*This article is a look into the houses of cards that comprise what most rely on every day for entertainment, information, and daily life. Where possible proper disclosure practices were followed. This article is a continuation of Wardialing 2.0 and Broken Foundations. This article for information purposes only and you are responsible for your own actions and use of this information.*
You might want to grab a beverage of your choice, we are in for a little adventure.
The Stack
With any application or website you view in the modern environment there is often a number of components to make the service and experience possible for the user, which is you. Each service and application may differ but often they do rely on similar infrastructure needs. There is also a lot of misconceptions and marketing speak around clouds and serverless technologies. Let’s clear up a few things, a cloud is nothing more than a host providing resources to be used by an application, webiste, or service. There is still all the components as if they were running their own servers physically just without the overhead. We often also hear the word serverless, this is a misnomer, there is still a machine executing the process it just runs whatever application or work inside of a container. Multiple layers of abstraction but lovely marketing phrase to confuse the masses.
Along with cloud computing and serverless technologies, we also have the seen the rise of cost effective storage. This storage model however, is not on the hosts themselves but often found in buckets. Common examples of this would be the S3 Storage by Amazon Web Services(AWS) and Google Storage by Google Cloud. Each of these services and their providers host a large portion of the internet ecosystem we know today. The reason cloud providers have become so ubiquitous is because for a lot of companies it is much easier to start in this way or to stay on hosted platforms, running your own equipment requires not just a huge cost overhead but also a personnel overhead. You would need a network team, a systems team, a security team, on top of your development and operations teams.

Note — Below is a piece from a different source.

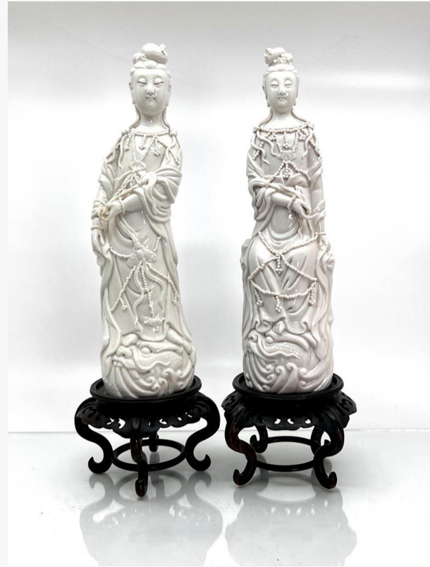
Pair of blanc de chine porcelain Guanyin, representing the type of porcelain figurines produced in Dehua, Fujian Province, 12 inches tall with stand (est. $100-$200).

Cynthia Maciejewski Neue Auctions +1 216-245-6707 email us here

Cloud providers strike a chord of balance as they simplify the network, systems, and security side of this equation.
With this balance comes a few risks though, and one of those risks is complete reliance on a provider for your service stack. This could greatly impact your customer/user base as an outage could completely leave them without the ability to use any portion of your service. This is clear when AWS has a problem like they did today.
The Slack
As these companies do help in simplifying onboarding and processes to make launching your application or service as easy as possible, there is a trade off. Often times it is overlooked that at the core there are still machines running operating systems running these processes. Another aspect overlooked is the default settings and configurations of the services are deployed. This can be a little confusing as you are running your own platform on their system, but their system also has it’s own set of rules. An example of this, is the default user permissions to the graphical console for AWS which is handled with IAM, to the configurations for specifics of a service you may be using.
Each service within a cloud provider you use will have a number of different configurations that you can leverage to do a variety of things from access control, scaling, and cost management. This is very critical as you will need to be able to control who access to your systems. Scaling triggers and definitions are heavily relied on so that you can facilitate user growth and do so without needing to impact your applications. This does require some software architecture decisions in order to make them compatible for scaling with use of these triggers. I will discuss this type of design for scaling in a future article. Lastly, cost management, cloud costs can get out of hand really quickly without proper configuration management and access control. This can even sink businesses and has been the ruin of many individuals. there are many horror stories around cloud costs, but it is the compromise that is agreed upon to run on someone else’s equipment.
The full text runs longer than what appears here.